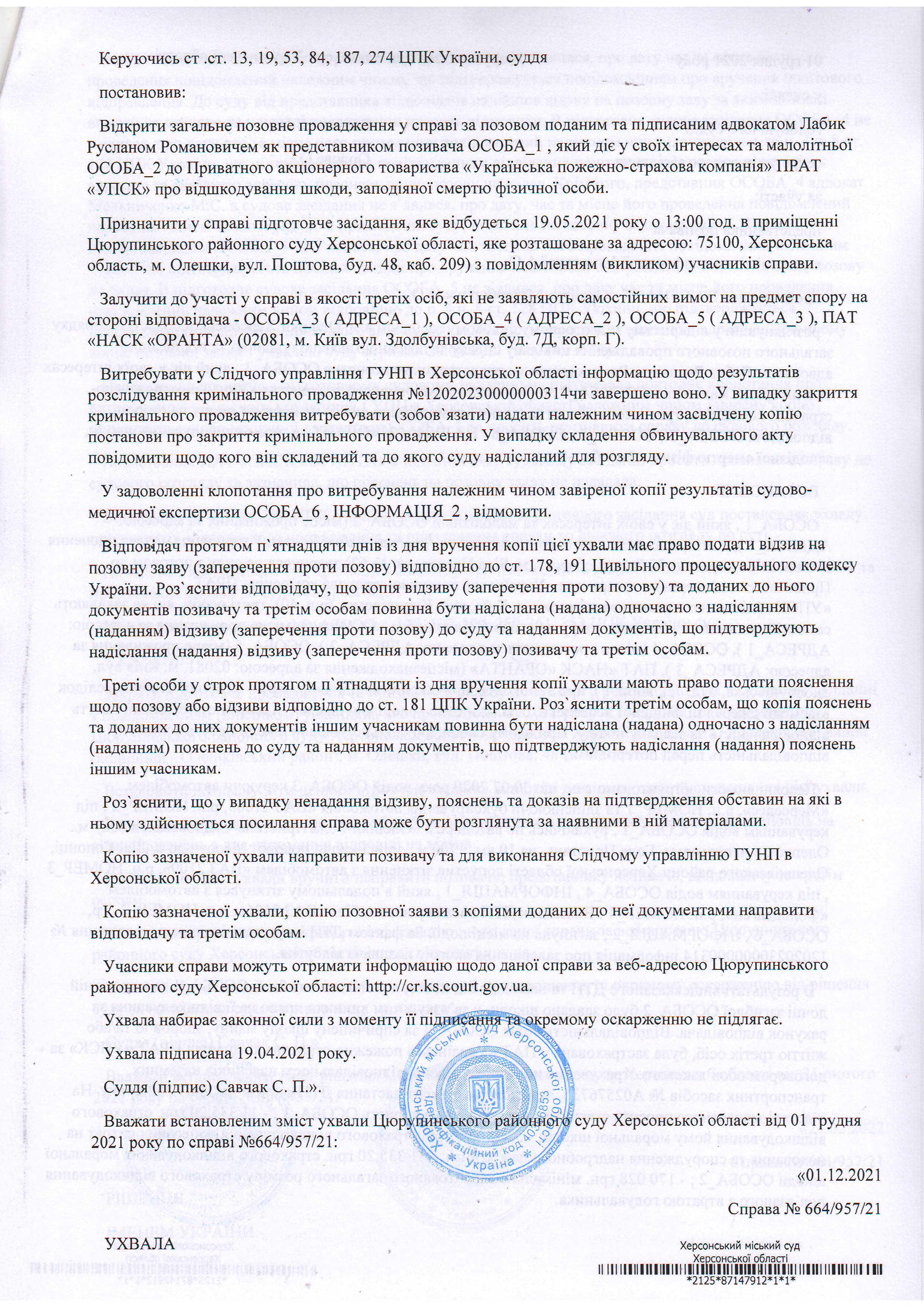ОГОЛОШЕННЯ, УХВАЛИ ТА ЗАОЧНІ РІШЕННЯ
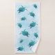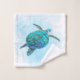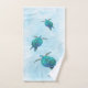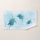 This personalized coastal towel set features colourful sea turtles with abstract watercolor ocean waves in the background.
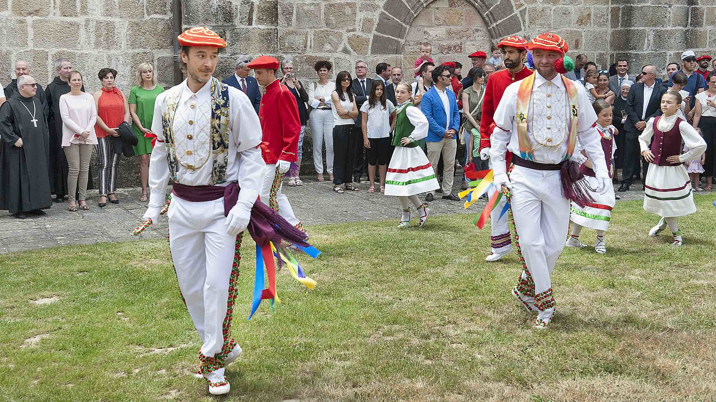 Tras el acto, la comitiva se ha dirigido a la hospedería, en cuyo patio ha tenido lugar un espectáculo de danzas interpretado por los Bolantes de Valcarlos, que han escenificado los bailes Martxa, Bolant Dantza, Lauetan Erdizka y Jauziak.
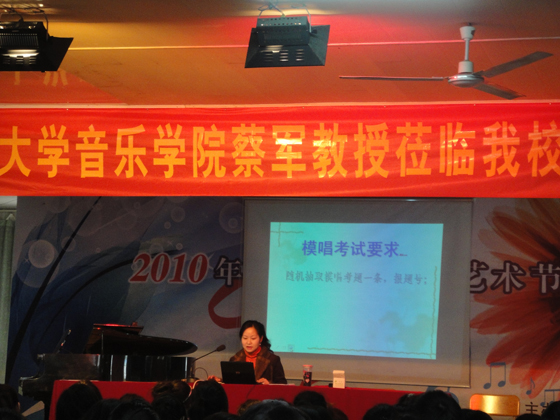 2010.12.29,我院蔡军老师应邀瓯海少艺校,为130名师生进行一场《视唱练耳应试指导》的讲座。蔡老师系统地介绍了浙江省及省外各音乐院校招生考试中视唱练耳部分的内容及考试要求。并针对学生一些普遍的存在的问题进行了辅导。强调对学生三个能力的培养:1、耳朵对音的注意力;2、对音乐各要素的分析和理解能力;3、音乐的表达能力。在讲座上蔡老师从几个音乐要素出发,引导学生对音乐各要素进行分类、对比、想象、记并回忆,现场指导练习并希望学生学会自主学习!
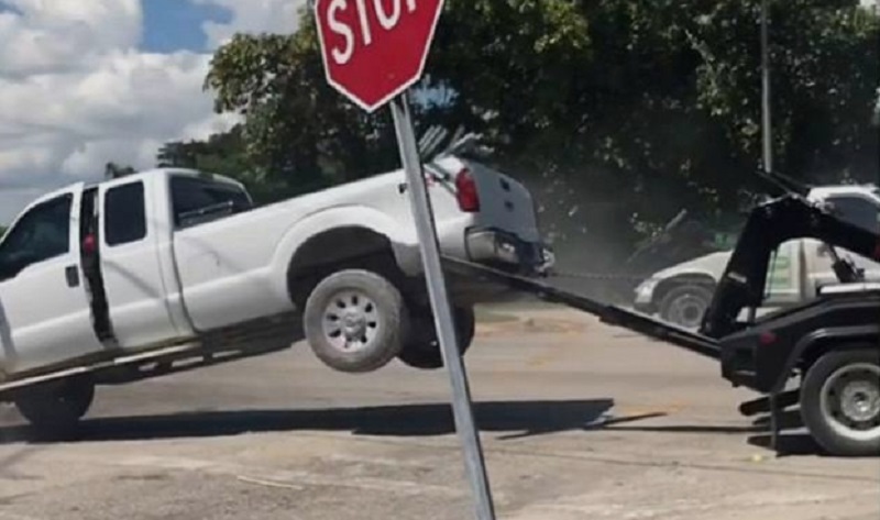 Řidič van Ford F-Series ve Spojených státech Miami, se snaží získat své vozidlo z jeřáb zvedl. Řidič se nevyplácí v době, kdy vozidlo, a jeřáb přišel ho získat. Vidíme v okamžiku jeřábu zvednout do vzduchu a video náhle končí. Podle jeřábníka, muž nedokázal vzít auto a zatčen poté, co policie.
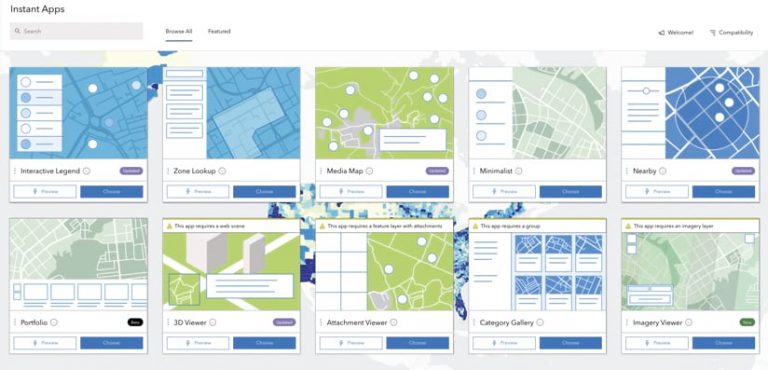The gallery includes focused apps, each with a specific purpose—for example, viewing a map, comparing two things, getting directions, or finding something nearby. Instant Apps guides users through the selection process by suggesting the best app template for the maps and data being presented. It does this by analyzing map components, like pop-ups, symbolization, and attachments, and then recommending app templates with compatible capabilities.
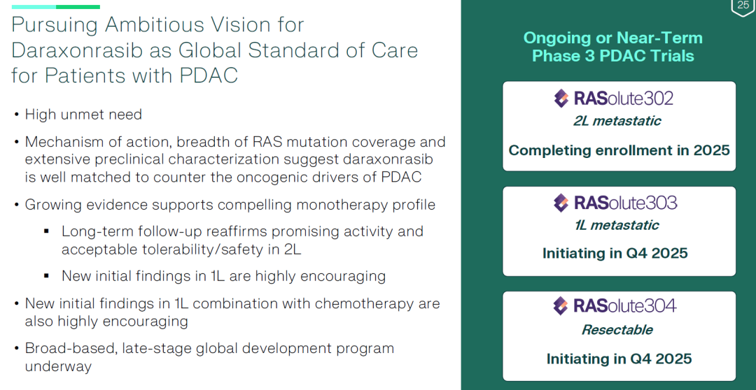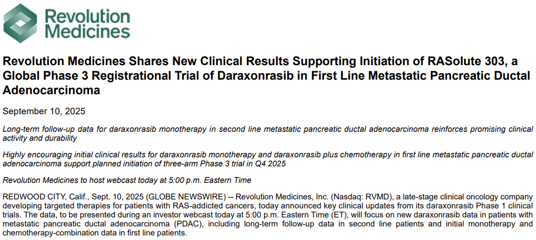 2025年9月10日,Revolution Medicines公布RMC-6236(Daraxonrasib)治疗转移性胰腺癌最新临床数据,计划今年四季度启动一线治疗胰腺癌的三期临床试验RASolute 303。
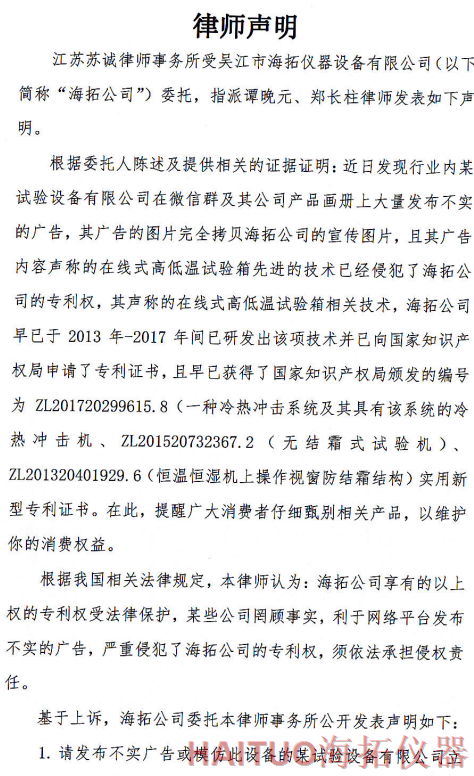 海拓儀器律師聲明:反對(duì)侵權(quán)行為 維護(hù)公司和消費(fèi)者權(quán)益摘要:國(guó)內(nèi)試驗(yàn)設(shè)備領(lǐng)先者吳江市海拓儀器設(shè)備有限公司委托律師事務(wù)所發(fā)布了律師聲明,該聲明指出,當(dāng)前市面上出現(xiàn)了產(chǎn)品專利侵犯海拓儀器權(quán)益,海拓儀器將以法律手段維護(hù)自身利益。該律師聲明要求某試驗(yàn)設(shè)備有限公司立即停止侵權(quán)行為,扯下其在網(wǎng)絡(luò)平臺(tái)的相關(guān)廣告和宣傳畫冊(cè)并同時(shí)停止生產(chǎn)同款設(shè)備。如果該設(shè)備公司不聽(tīng)勸解,海拓儀器將向人民法院依法起訴該公司侵權(quán)行為,以維護(hù)自身合法權(quán)益和維護(hù)客戶消費(fèi)權(quán)益,并建議廣大消費(fèi)者仔細(xì)甄別相關(guān)產(chǎn)品。? ? ? ?近日,吳江市海拓儀器設(shè)備有限公司委托律師事務(wù)所發(fā)布了律師聲明,該聲明指出,當(dāng)前市面上出現(xiàn)了產(chǎn)品專利侵犯海拓儀器權(quán)益,海拓儀器將以法律手段維護(hù)自身利益。??事件源起于海拓儀器發(fā)現(xiàn)市面上有同類設(shè)備公司通過(guò)完全拷貝海拓儀器產(chǎn)品宣傳圖片,在微信群及該公司產(chǎn)品畫冊(cè)上大量發(fā)布不實(shí)廣告。??聲明指出,該廣告聲稱的在線式高低溫試驗(yàn)箱的技術(shù)侵犯了海拓儀器的專利權(quán),該產(chǎn)品專利由海拓儀器 -

============================================================

**ACTIVITY**
Your task is to repeat the records exactly. Images do not belong in the copy.

**RESPONSE TO THE TASK**
ОГОЛОШЕННЯ, УХВАЛИ ТА ЗАОЧНІ РІШЕННЯ
 This personalized coastal towel set features colourful sea turtles with abstract watercolor ocean waves in the background.
 Tras el acto, la comitiva se ha dirigido a la hospedería, en cuyo patio ha tenido lugar un espectáculo de danzas interpretado por los Bolantes de Valcarlos, que han escenificado los bailes Martxa, Bolant Dantza, Lauetan Erdizka y Jauziak.
 2010.12.29,我院蔡军老师应邀瓯海少艺校,为130名师生进行一场《视唱练耳应试指导》的讲座。蔡老师系统地介绍了浙江省及省外各音乐院校招生考试中视唱练耳部分的内容及考试要求。并针对学生一些普遍的存在的问题进行了辅导。强调对学生三个能力的培养:1、耳朵对音的注意力;2、对音乐各要素的分析和理解能力;3、音乐的表达能力。在讲座上蔡老师从几个音乐要素出发,引导学生对音乐各要素进行分类、对比、想象、记并回忆,现场指导练习并希望学生学会自主学习!
 Řidič van Ford F-Series ve Spojených státech Miami, se snaží získat své vozidlo z jeřáb zvedl. Řidič se nevyplácí v době, kdy vozidlo, a jeřáb přišel ho získat. Vidíme v okamžiku jeřábu zvednout do vzduchu a video náhle končí. Podle jeřábníka, muž nedokázal vzít auto a zatčen poté, co policie.
The gallery includes focused apps, each with a specific purpose—for example, viewing a map, comparing two things, getting directions, or finding something nearby. Instant Apps guides users through the selection process by suggesting the best app template for the maps and data being presented. It does this by analyzing map components, like pop-ups, symbolization, and attachments, and then recommending app templates with compatible capabilities.
 2025年9月10日,Revolution Medicines公布RMC-6236(Daraxonrasib)治疗转移性胰腺癌最新临床数据,计划今年四季度启动一线治疗胰腺癌的三期临床试验RASolute 303。
 海拓儀器律師聲明:反對(duì)侵權(quán)行為 維護(hù)公司和消費(fèi)者權(quán)益摘要:國(guó)內(nèi)試驗(yàn)設(shè)備領(lǐng)先者吳江市海拓儀器設(shè)備有限公司委托律師事務(wù)所發(fā)布了律師聲明,該聲明指出,當(dāng)前市面上出現(xiàn)了產(chǎn)品專利侵犯海拓儀器權(quán)益,海拓儀器將以法律手段維護(hù)自身利益。該律師聲明要求某試驗(yàn)設(shè)備有限公司立即停止侵權(quán)行為,扯下其在網(wǎng)絡(luò)平臺(tái)的相關(guān)廣告和宣傳畫冊(cè)并同時(shí)停止生產(chǎn)同款設(shè)備。如果該設(shè)備公司不聽(tīng)勸解,海拓儀器將向人民法院依法起訴該公司侵權(quán)行為,以維護(hù)自身合法權(quán)益和維護(hù)客戶消費(fèi)權(quán)益,并建議廣大消費(fèi)者仔細(xì)甄別相關(guān)產(chǎn)品。? ? ? ?近日,吳江市海拓儀器設(shè)備有限公司委托律師事務(wù)所發(fā)布了律師聲明,該聲明指出,當(dāng)前市面上出現(xiàn)了產(chǎn)品專利侵犯海拓儀器權(quán)益,海拓儀器將以法律手段維護(hù)自身利益。??事件源起于海拓儀器發(fā)現(xiàn)市面上有同類設(shè)備公司通過(guò)完全拷貝海拓儀器產(chǎn)品宣傳圖片,在微信群及該公司產(chǎn)品畫冊(cè)上大量發(fā)布不實(shí)廣告。??聲明指出,該廣告聲稱的在線式高低溫試驗(yàn)箱的技術(shù)侵犯了海拓儀器的專利權(quán),該產(chǎn)品專利由海拓儀器 -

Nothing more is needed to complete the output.